Impact on the cloud service ecosystem

For providers who have not yet taken any steps with regard to the Cloud Act, it could become challenging in individual cases to fulfill the obligations in time. “Changing the technology, adjusting the pricing model, changing the contracts – doing all of that in the remaining time is ambitious,” emphasizes Dr. Eckhardt. “That’s why we at EuroCloud Deutschland have been working intensively since mid-2024 on the Data Act and particularly with the articles on Cloud Switching.”

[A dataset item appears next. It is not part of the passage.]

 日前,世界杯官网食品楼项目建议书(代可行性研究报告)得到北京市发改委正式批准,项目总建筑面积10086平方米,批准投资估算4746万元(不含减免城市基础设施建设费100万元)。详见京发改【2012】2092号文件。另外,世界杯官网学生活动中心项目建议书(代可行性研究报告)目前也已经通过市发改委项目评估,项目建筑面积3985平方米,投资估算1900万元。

The Cloud Act is not only relevant for cloud providers themselves but also for their sales and service partners. For example, cloud-native service providers who resell a provider’s services and provide related integration or configuration services can be held accountable by their customers if a switch is pursued. “Insofar as they are at the forefront with customers, cloud natives may appear as providers of data processing services,” the expert explains. There is a risk that “they could end up in an uncomfortable ‘sandwich position’ if the cloud provider supplying the service has not adequately implemented the provisions of the Data Act.”

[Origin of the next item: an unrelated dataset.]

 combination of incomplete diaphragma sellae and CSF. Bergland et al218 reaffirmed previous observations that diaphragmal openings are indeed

What makes the implementation of the EU regulation challenging for all parties involved is the “poorly crafted nature of the law,” as Dr. Eckhardt clearly criticizes. The rules on Cloud Switching in the Data Act are not only extensive and sometimes complex, but some of the provisions are also “internally inconsistent, which requires a careful interpretation of the legislative text.”

Time is pressing. Cloud providers and their partners must thoroughly examine the requirements of the Data Act to be able to act in time. The complexity and partly inconsistent regulations require careful analysis and close collaboration within the industry. Only in this way can a smooth transition be guaranteed and a patchwork of implementation be avoided.

 

As Manager of EuroCloud Deutschland, Michael Hase is responsible for coordination and further development of cloud topics at eco. He joined the association in November 2023. Prior to that, he worked for more than 20 years as an IT journalist and wrote for industry magazines such as IT-Business and CRN. His focus was on the ecosystems within the IT market.